To start an interactive session run:

qlogin
# The default maximum runtime is 48 hours. The default resources: 1 core, 1 GB memory.

qlogin -l h_vmem=1G
# request memory for an interactive session

qlogin -pe gpu 1
# request 1 gpu (need for torch and memory usage is at least 2GB)

qlogin -q staging
# choose the staging environment

Staging data (transfer data between Eddie and DataStore):

qsub stagein/out.sh
# stagein/out.sh file content can be seen in Eddie handbook (need UUN login)
TIP

It is also possible to sync the files between local computer and Eddie directly using scp or sftp.

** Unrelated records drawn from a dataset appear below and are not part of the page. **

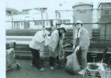
クリーン作戦の9月 16名で道路のおそうじもしました
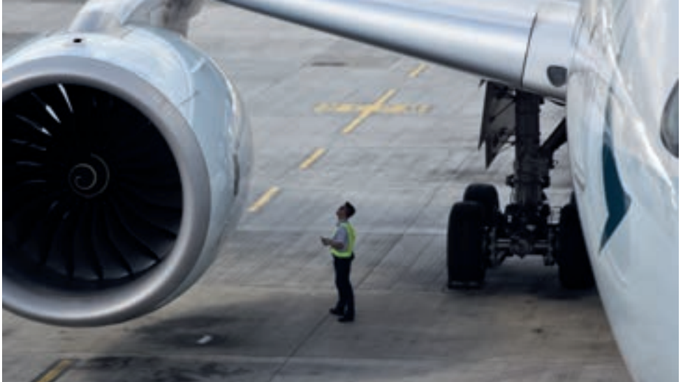
«Ältere, Treibstoff verbrauchende Flugzeuge sind privilegiert (...)»

international herumfliegen dürfen und die national zertifizierten (meist gewichtsmässig darunter, wenn nicht andere Gründe vorliegen), die national und nur unter erschwerten Umständen international herumfliegen dürften. Der überragende Unterschied ist, dass bei den nationalen Flugzeugen (wie Ultra Light und ähnliche) nicht zertifizierte Bauteile, wie eben die Motoren, verwendet werden dürfen. Rotax ist ein solcher Motor: Zuverlässig, leicht, verbrauchsfreundlich, leise und leistungsfähig. Aber weil er nicht zertifiziert ist, darf er in international zertifizierten Flugzeugen nicht verwendet werden. Die Folge ist, dass moderne, leichte, aerodynamisch ausgezeichnete Flugzeuge fliegerisch unverständlichen Einschränkungen unterworfen werden, wohingegen ältere, schwere, Treibstoff verbrauchende und aerodynamisch veraltete Flugzeuge privilegiert sind und diesen Einschränkungen nicht unterworfen sind. Alt vor neu: Unverständlich, aber wahr.
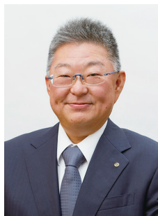
及川寛史公認会計士・ 税理士事務所 公認会計士・税理士
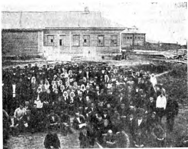
Собрание Тигинского актива

хотя партвызысканиям трое подверглись (за выпивку). В ячейке шла дискуссия по поводу классовой борьбы в колхозах. Теперь этот вопрос решен в том смысле, что фактом вступления в колхоз еще не уничтожается классовая борьба, она будет продолжаться до полного безвозвратного поражения кулацкого хозяйства и кулацкой идеологии. Решен
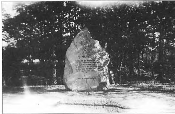
Mindestenen for befrielsen 5. maj 1945 ved det tidligere alderdomshjem over for kirken.
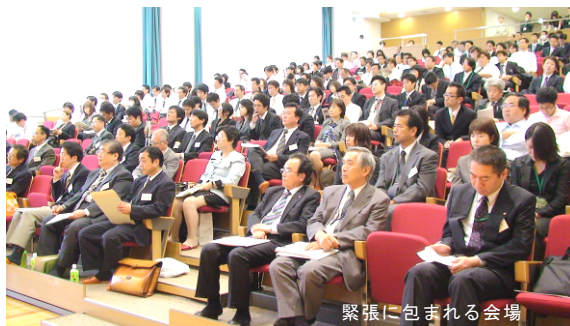
緊張に包まれる会場
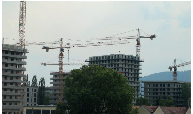
Der Bauboom ist nicht nur ungebrochen, die Bautätigkeit hat sich letztes Jahr mehr als verdoppelt.

letzten Jahren besonders die Bezirke Straßgang, Jakomini und Liebenau betroffen. Alleine letztes Jahr wurden in Straßgang 111.159 m 2 und in Jakomini 159.492 m 2 zuvor unversiegelte Flächen zubetoniert.
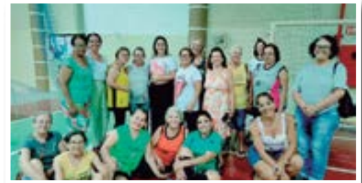
Comemoração do Dia Internacional das Mulheres
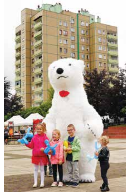
Pamiętkowe zdjęcie z misiem
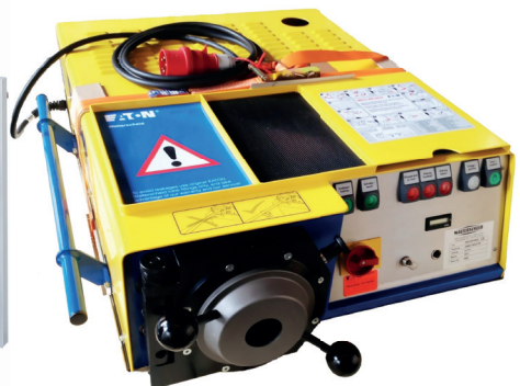
GS Hydro Walform maskine Kan bruges til syrefast rør i størrelsen 10-42 mm S og L serie. Opfylder DIN 2353 ISO 8434-1.
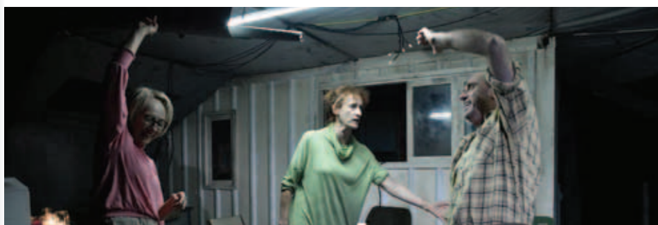
Prizor iz predstave
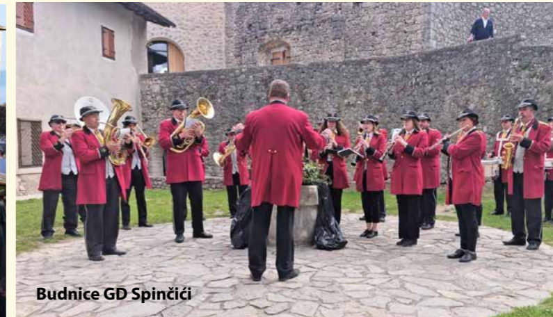
Budnice GD Spinčići
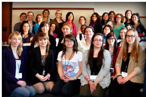
Les participantes et des collaboratrices de l'ÉFD de février 2012 à Shawinigan

L'École Femmes et Démocratie pour les leaders étudiantes, qui s'est tenue à Shawinigan du 10 au 12 février, a connu un grand succès. Trente jeunes leaders, de « futures ministres » comme l'a souligné l'une des formatrices, ont participé activement à cette session intensive de formation. Le GFPD a travaillé en étroite collaboration avec Geneviève Baril, de l'Institut du Nouveau Monde, qui en a assuré la coordination. Merci aux formatrices et aux formateurs ! Bon succès aux participantes dans leurs projets d'avenir !

To view current running jobs

qstat

To cancel a job,

qdel <JOB IDENTIFIER>

Detailed information about completed jobs is available with the qacct command:

qacct -j <JOB IDENTIFIER>

Set up the Anaconda Environment

Add path and create a virtual environment

Configure the path for your environments directory, i.e., the directory where all your conda environments will be stored, and packages (pkgs) directory used as a cache for your conda packages. By default cache for packages will be placed under ~/.conda/pkgs and will very likely cause your home directory to go over quota as a result. We recommend using the group space you have used for your conda environments instead. Note that this should be an existing directory, so you need to create it first if it doesn’t already exist, before running the command below.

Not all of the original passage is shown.